EDIT: I do not want to use LinearNDInterpolator or similar approach because I do not have a number at each point as a value but something more complex (array/function).
After some experimenting, the solution looks simple (this post was quite helpful):
# dimension of the problem (in this example I use 3D grid,
# but the method works for any dimension n>=2)
n = 3
# my array of grid points (array of n-dimensional coordinates)
points = [[1,2,3], [2,3,4], ...]
# each point has some assigned value that will be interpolated
# (e.g. a float, but it can be a function or anything else)
values = [7, 8, ...]
# a set of points at which I want to interpolate (it must be a NumPy array)
p = np.array([[1.5, 2.5, 3.5], [1.1, 2.2, 3.3], ...])
# create an object with triangulation
tri = Delaunay(points)
# find simplexes that contain interpolated points
s = tri.find_simplex(p)
# get the vertices for each simplex
v = tri.vertices[s]
# get transform matrices for each simplex (see explanation bellow)
m = tri.transform[s]
# for each interpolated point p, mutliply the transform matrix by
# vector p-r, where r=m[:,n,:] is one of the simplex vertices to which
# the matrix m is related to (again, see bellow)

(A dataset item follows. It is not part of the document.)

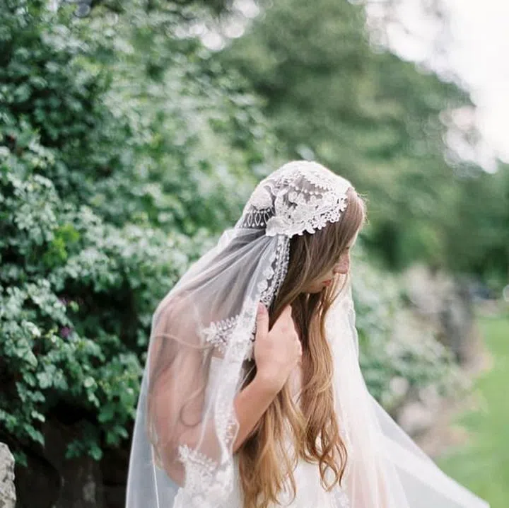 This bohemian veil in the Juliet cap style is wonderfully romantic, and will go perfectly well with soft, billowy lace wedding gowns.
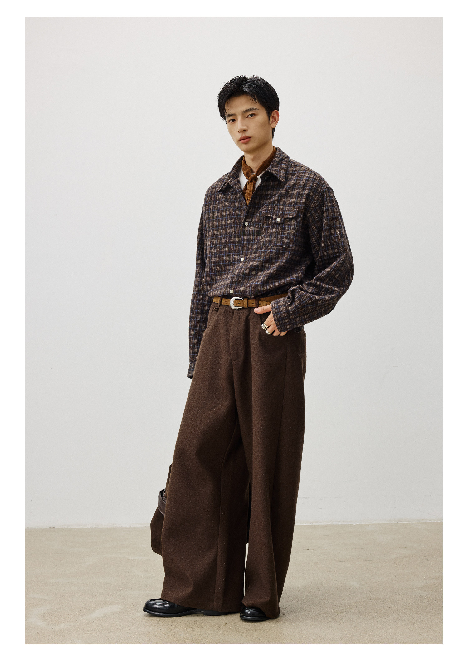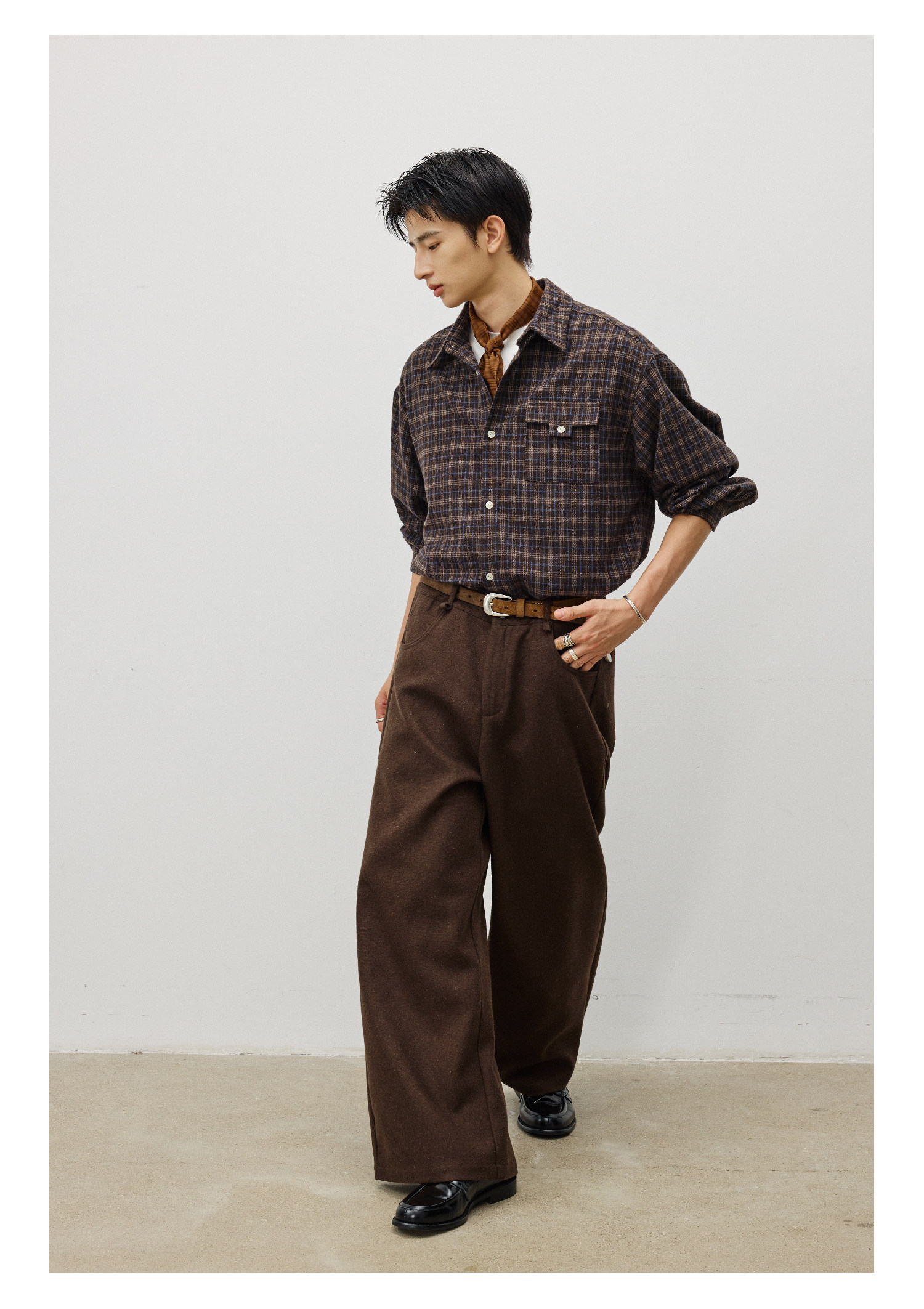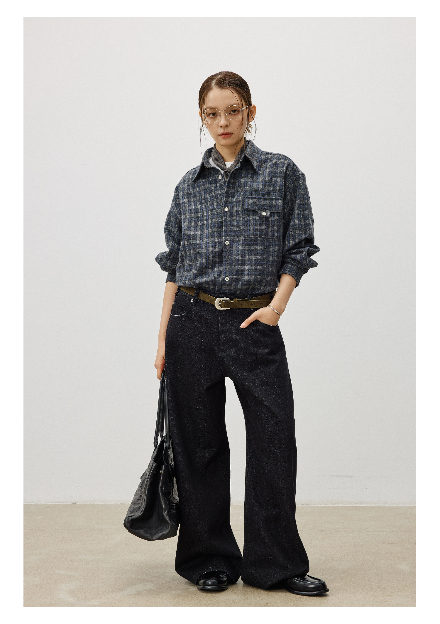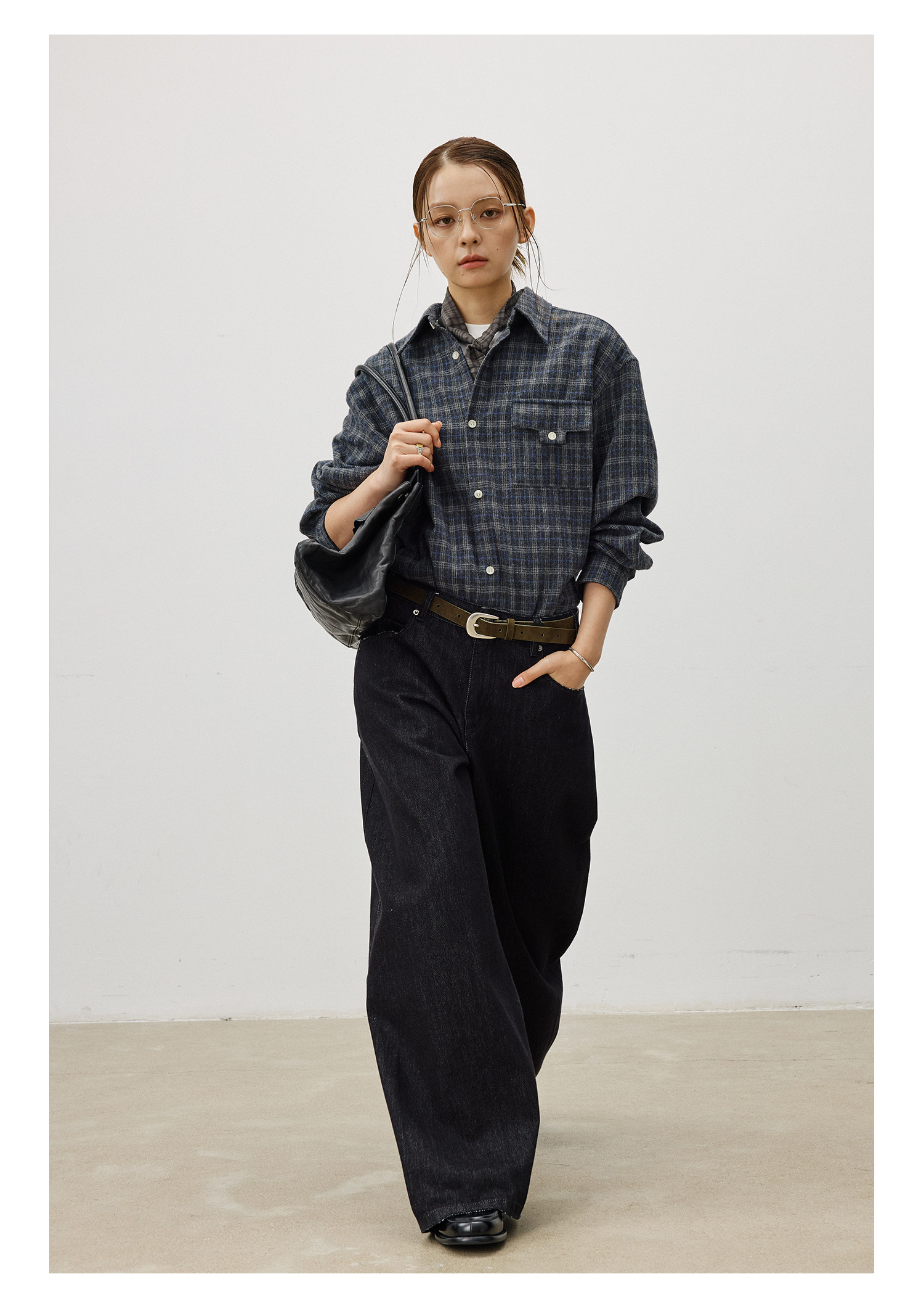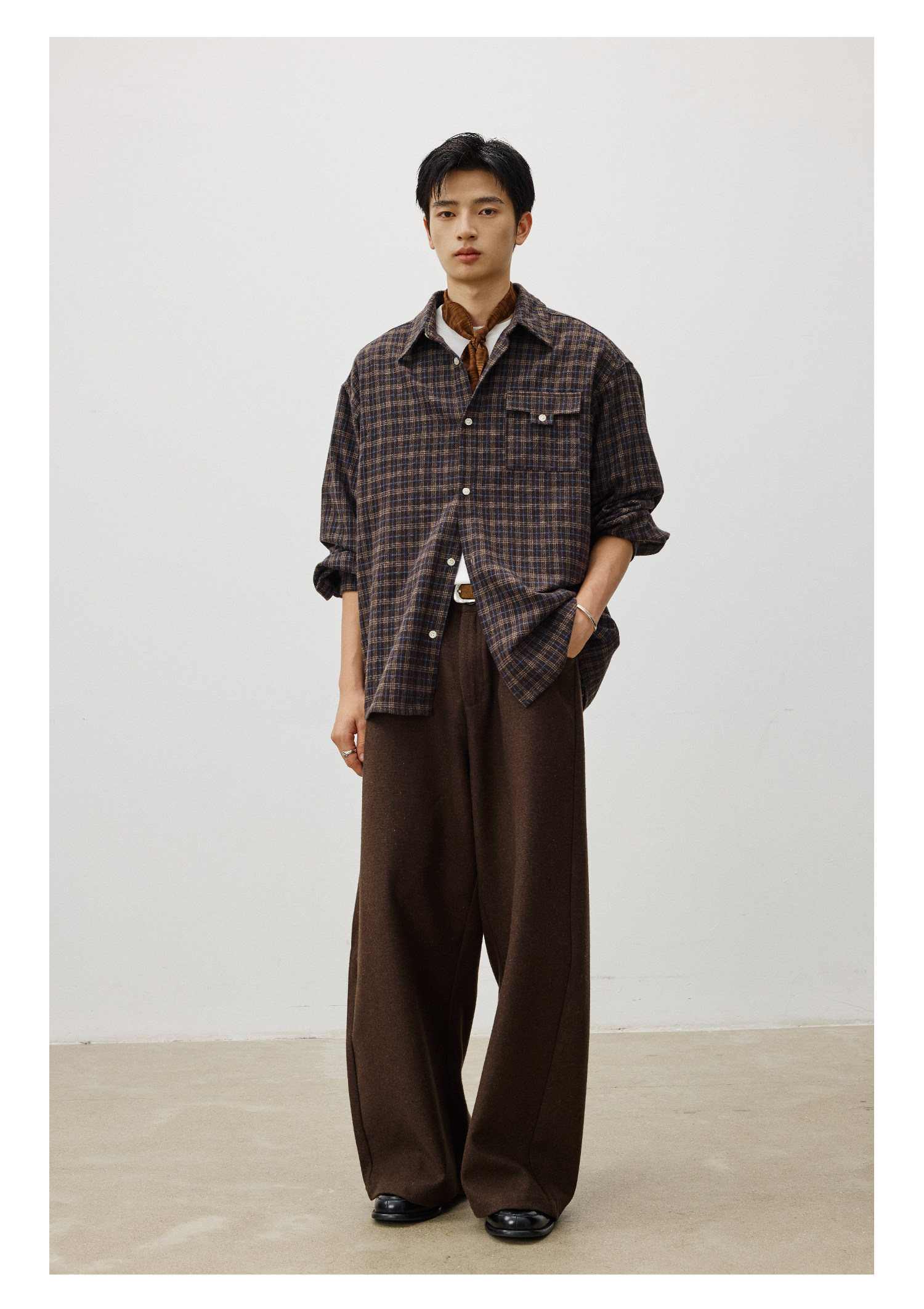 Lr Made 25Aw T-Shaped Flap Heavy Wool Vintage-Style Plaid Brushed Long-Sleeve Plaid Shirt

b = np.einsum('ijk,ik->ij', m[:,:n,:n], p-m[:,n,:])
# get the weights for the vertices; `b` contains an n-dimensional vector
# with weights for all but the last vertices of the simplex
# (note that for n-D grid, each simplex consists of n+1 vertices);
# the remaining weight for the last vertex can be copmuted from
# the condition that sum of weights must be equal to 1
w = np.c_[b, 1-b.sum(axis=1)]
The key method to understand is transform, which is briefly documented, however the documentation says all it needs to be said. For each simplex, transform[:,:n,:n] contains the transformation matrix, and transform[:,n,:] contains the vector r to which the matrix is related to. It seems that r vector is chosen as the last vertex of the simplex.
Another tricky point is how to get b, because what I want to do is something like
for i in range(len(p)): b[i] = m[i,:n,:n].dot(p[i]-m[i,n,:])
Essentially, I need an array of dot products, while dot gives a product of two arrays. The loop over the individual simplexes like above would work, but a it can be done faster in one step, for which there is numpy.einsum:
b = np.einsum('ijk,ik->ij', m[:,:n,:n], p-m[:,n,:])
Now, v contains indices of vertex points for each simplex and w holds corresponding weights. To get the interpolated values p_values at set of points p, we do (note: values must be NumPy array for this):
values = np.array(values)
for i in range(len(p)): p_values[i] = np.inner(values[v[i]], w[i])
Or we may do this in a single step using `np.einsum' again:
p_values = np.einsum('ij,ij->i', values[v], w)
Some care must be taken in situations, when some of the interpolated points lie outside the grid. In such case, find_simplex(p) returns -1 for those points and then you will have to mask out them (using masked arrays perhaps).
You don't need to implement this from scratch, there is already built-in support in scipy for this feature:
scipy.interpolate.LinearNDInterpolator
You need an interval and a linear interpolation, i.e. the lenght of the edge and the distance of the interpolated points from the start vertex.